A few months ago I posted a discussion on LinkedIn to find out a little more how people were using personas. I had a great response and received quite a few comments.
However, before I share with you some of the feedback, I’d like to lay out three challenges of integrating personas into day-to-day activities.
- One of the mistakes is that we treat building personas as a chore, without prior understanding of how we will use this information, passing this off to an individual that perhaps hasn’t understood the business objectives, or hasn’t even been shared the vision.
- I also believe that we focus too much on content: it’s much more than that. It’s about getting personal and understanding who you would like to build a long term relationship with (here I go about dating again) and how this is spread through the organisation’s touch points.
- Lastly, personas are not everybody’s cup of tea and need to be nurtured within the organisation.
Personas are often mistaken as being hard work. I often hear people say: “Why should I spend time thinking about how to use personas?”. However, these are the people I and all our touch points often interact with or hope to interact with, so why shouldn’t I? The main reason to use a buyer persona is to truly understand the process your customer takes when he or she is making the buying decision.

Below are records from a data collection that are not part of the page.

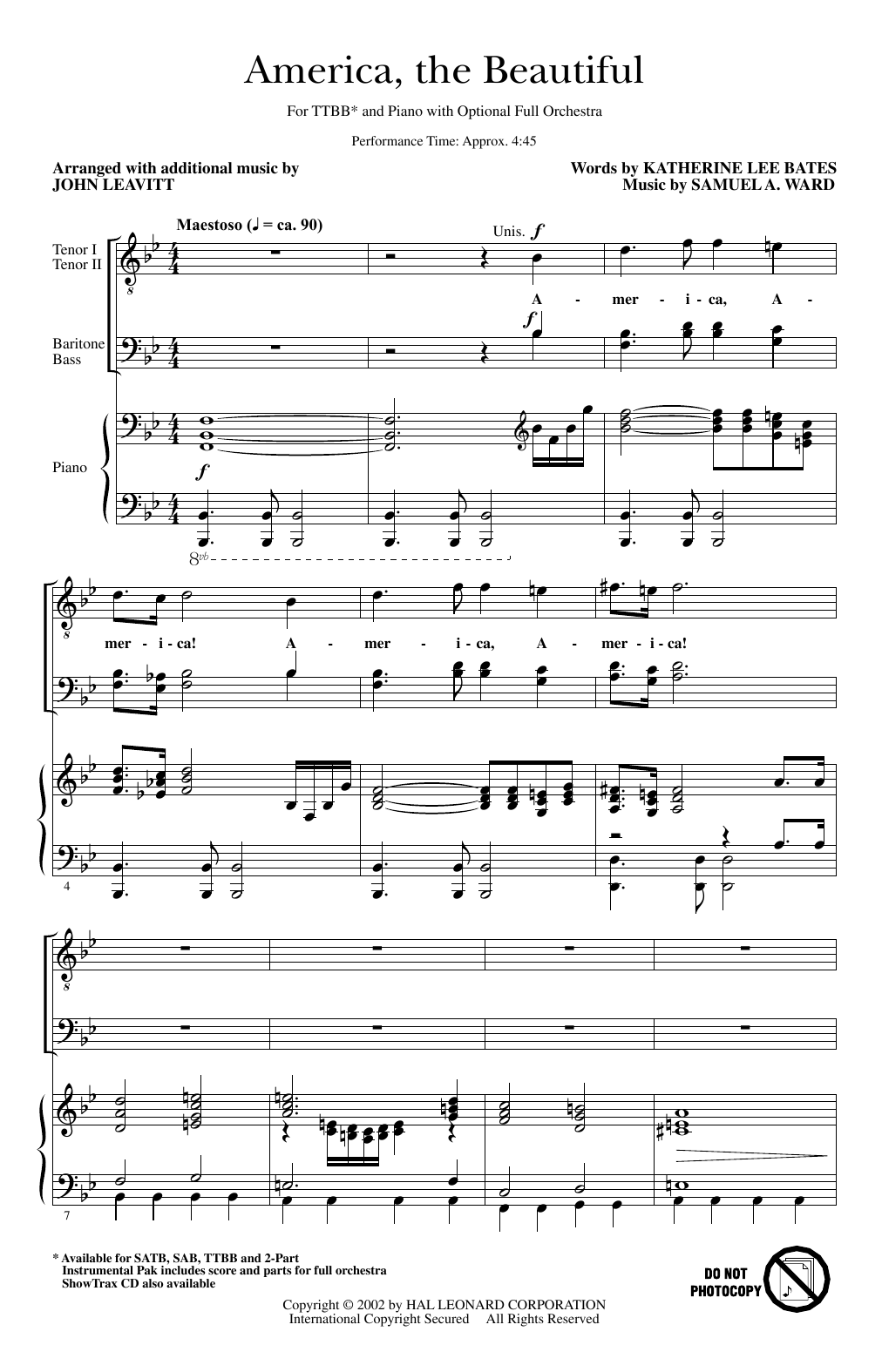 Download or print Samuel A. Ward America, The Beautiful (arr. John Leavitt) sheet music, chords and digital score arranged for SAB Choir. This Patriotic score includes 11 page(s).
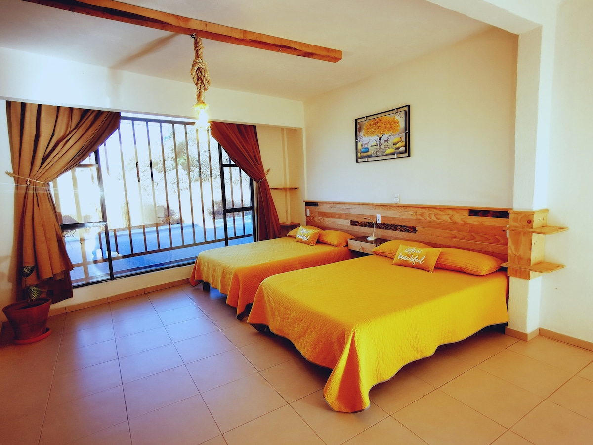 Se encuentra en planta alta, solo accesible por escaleras (no apta para minusválidos). Una recámara con 2 camas individuales y un sofá-cama, otra recámara con cama queen size; cocina con desayunador y refrigerador, un baño con regadera, secadora de cabello, plancha y amenities.- Cupo: 4 personas. NOTA: El baño completo se encuentra dentro de la recámara con cama queen size.
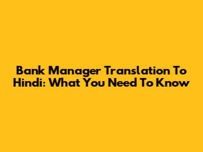 Bank Manager Translation To Hindi: What You Need To Know

One of the best ways I find to show how important personas are, is to work from the bottom to the big picture that should eventually end with the business objectives. Working from explaining that we don’t do business with a company but the people in that company, taking particular individuals and their role in their company. Moving towards that bigger picture of how the influence that they have can often mean that you win or lose a contract or even the possibility of upselling to a customer. It’s important to share business objectives with everyone, not just senior management.
To implement the use of personas as an integrated method of identifying customer’s needs, it’s important that marketing can communicate this through sales engagement. Such a way is to use personas in negotiation. Working with sales to identify the needs of the individuals that are in the DMU (decision making unit) can lead to a greater use of the information already gathered. It can also help to fine tune the persona and has a knock on benefit for marketing communication content.
Account based Marketing (ABM) works better too with this type of relationship with your sales team. For the first time, you move away from segmentation and can focus on individuals by building a better understanding of their needs.
Something you could try out (but don’t tell your sales team) is to create personas of your sales team, or at least the people you need to get their buy in. It’s a great way of learning how to develop personas but also to find out things about your peers that help your relationship develop positively, with a more empathetic and listening approach. Start with your objective and then use the persona detail to help you with your internal negotiation and a win-win finish. This is a way of nurturing personas into your organisation and finding new ways of using that precious information.
So don’t make it a chore, keep objectives as the driver and be creative with your personas, but don’t get caught talking to them like an imaginary friend.